╔══

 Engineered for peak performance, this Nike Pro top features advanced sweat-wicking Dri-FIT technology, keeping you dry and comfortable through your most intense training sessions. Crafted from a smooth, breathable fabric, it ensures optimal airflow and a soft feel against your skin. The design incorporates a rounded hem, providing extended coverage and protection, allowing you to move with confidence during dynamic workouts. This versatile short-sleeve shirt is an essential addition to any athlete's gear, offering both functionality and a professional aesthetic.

╚══
╔══

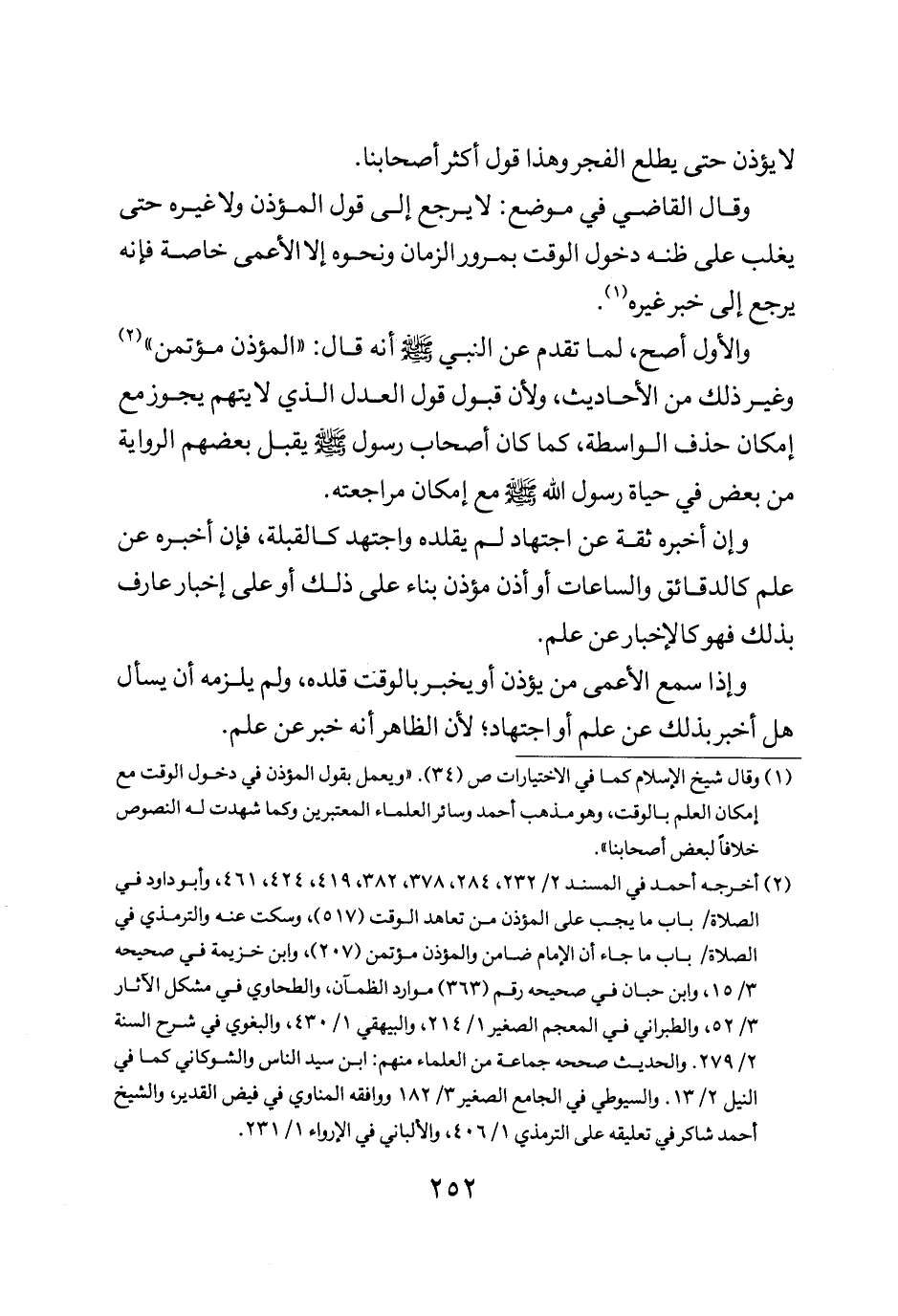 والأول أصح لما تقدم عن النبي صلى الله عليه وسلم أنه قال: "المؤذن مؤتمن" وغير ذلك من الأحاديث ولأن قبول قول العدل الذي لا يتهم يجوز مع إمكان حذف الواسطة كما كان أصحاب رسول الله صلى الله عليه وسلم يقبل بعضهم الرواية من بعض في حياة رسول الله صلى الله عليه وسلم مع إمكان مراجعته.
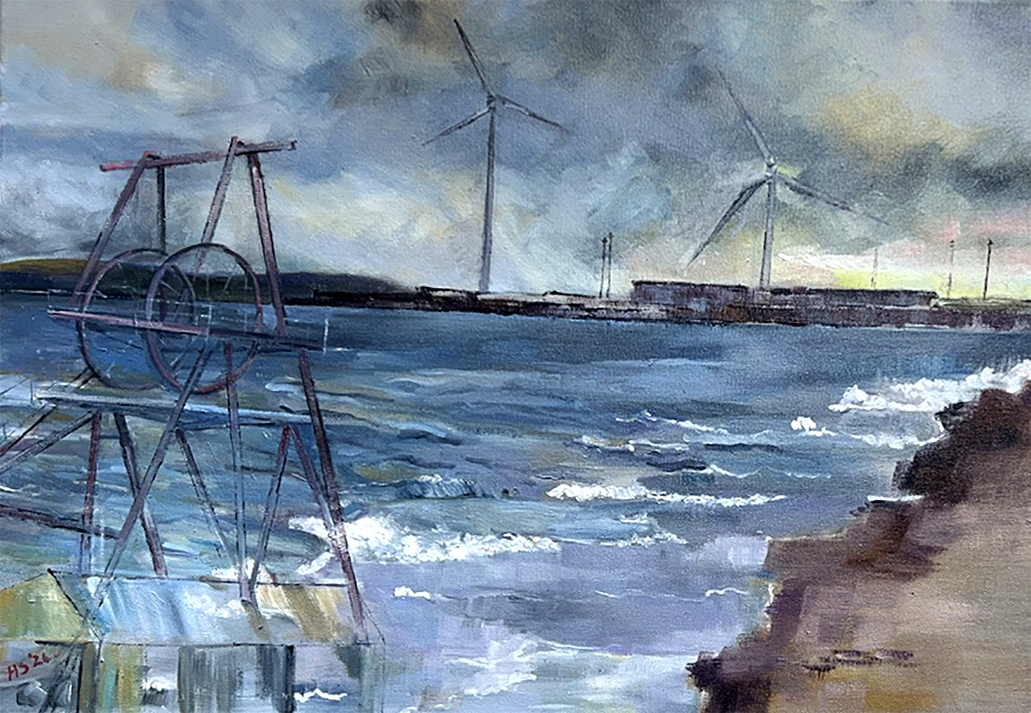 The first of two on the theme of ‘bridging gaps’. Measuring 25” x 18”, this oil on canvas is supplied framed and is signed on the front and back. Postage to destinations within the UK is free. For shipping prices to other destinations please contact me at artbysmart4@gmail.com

╚══
╔══

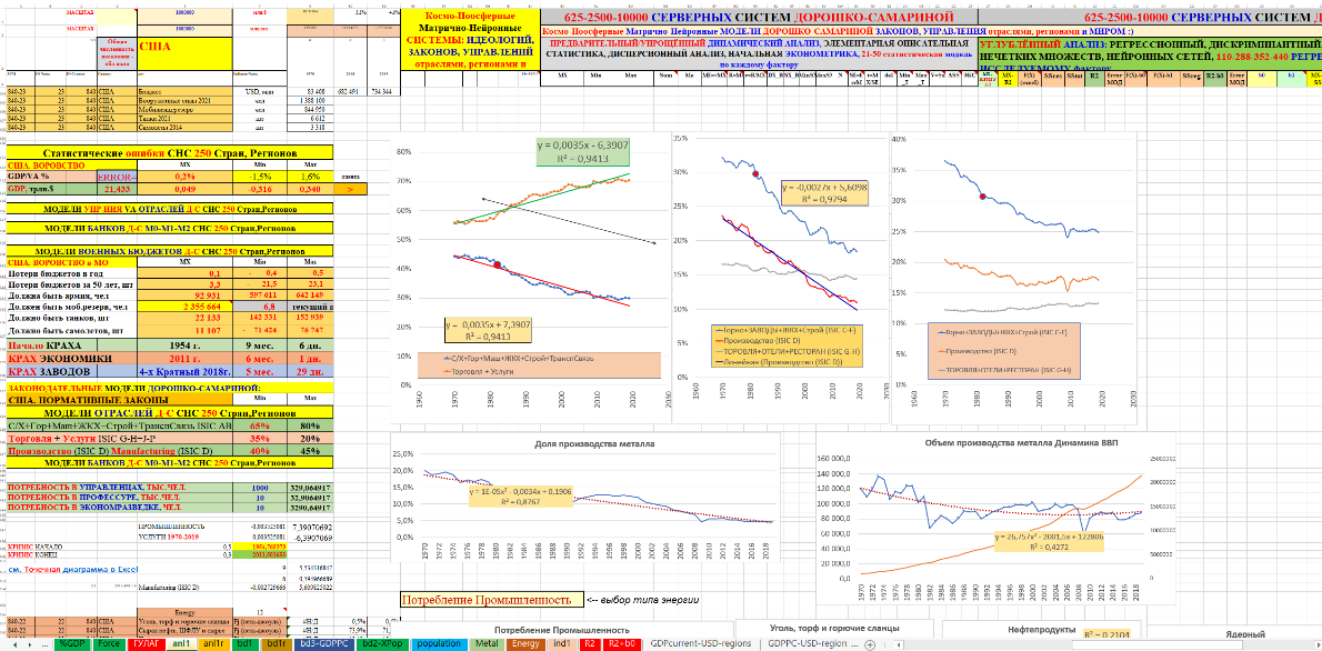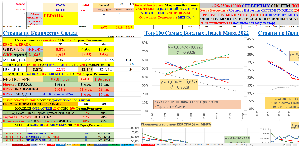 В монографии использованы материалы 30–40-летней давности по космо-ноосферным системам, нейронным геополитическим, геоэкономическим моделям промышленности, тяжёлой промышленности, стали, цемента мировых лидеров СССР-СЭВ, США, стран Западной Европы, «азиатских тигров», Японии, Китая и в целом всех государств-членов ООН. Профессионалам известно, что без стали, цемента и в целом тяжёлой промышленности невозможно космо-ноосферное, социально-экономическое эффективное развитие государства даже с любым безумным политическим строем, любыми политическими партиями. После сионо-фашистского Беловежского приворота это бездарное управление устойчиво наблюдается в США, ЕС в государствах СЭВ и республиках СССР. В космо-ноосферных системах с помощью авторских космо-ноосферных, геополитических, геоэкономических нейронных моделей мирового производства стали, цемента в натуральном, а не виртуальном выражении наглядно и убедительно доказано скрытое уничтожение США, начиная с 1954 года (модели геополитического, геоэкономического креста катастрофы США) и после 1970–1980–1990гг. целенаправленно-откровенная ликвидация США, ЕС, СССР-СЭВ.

╚══

→ **TASK GOAL**
Give back the exact lines above, running from the one that has "والأول أصح لما" through the one that has "The first of", with nothing added and no pictures.

→ **YOUR RESPONSE**
 والأول أصح لما تقدم عن النبي صلى الله عليه وسلم أنه قال: "المؤذن مؤتمن" وغير ذلك من الأحاديث ولأن قبول قول العدل الذي لا يتهم يجوز مع إمكان حذف الواسطة كما كان أصحاب رسول الله صلى الله عليه وسلم يقبل بعضهم الرواية من بعض في حياة رسول الله صلى الله عليه وسلم مع إمكان مراجعته.
 The first of two on the theme of ‘bridging gaps’. Measuring 25” x 18”, this oil on canvas is supplied framed and is signed on the front and back. Postage to destinations within the UK is free. For shipping prices to other destinations please contact me at artbysmart4@gmail.com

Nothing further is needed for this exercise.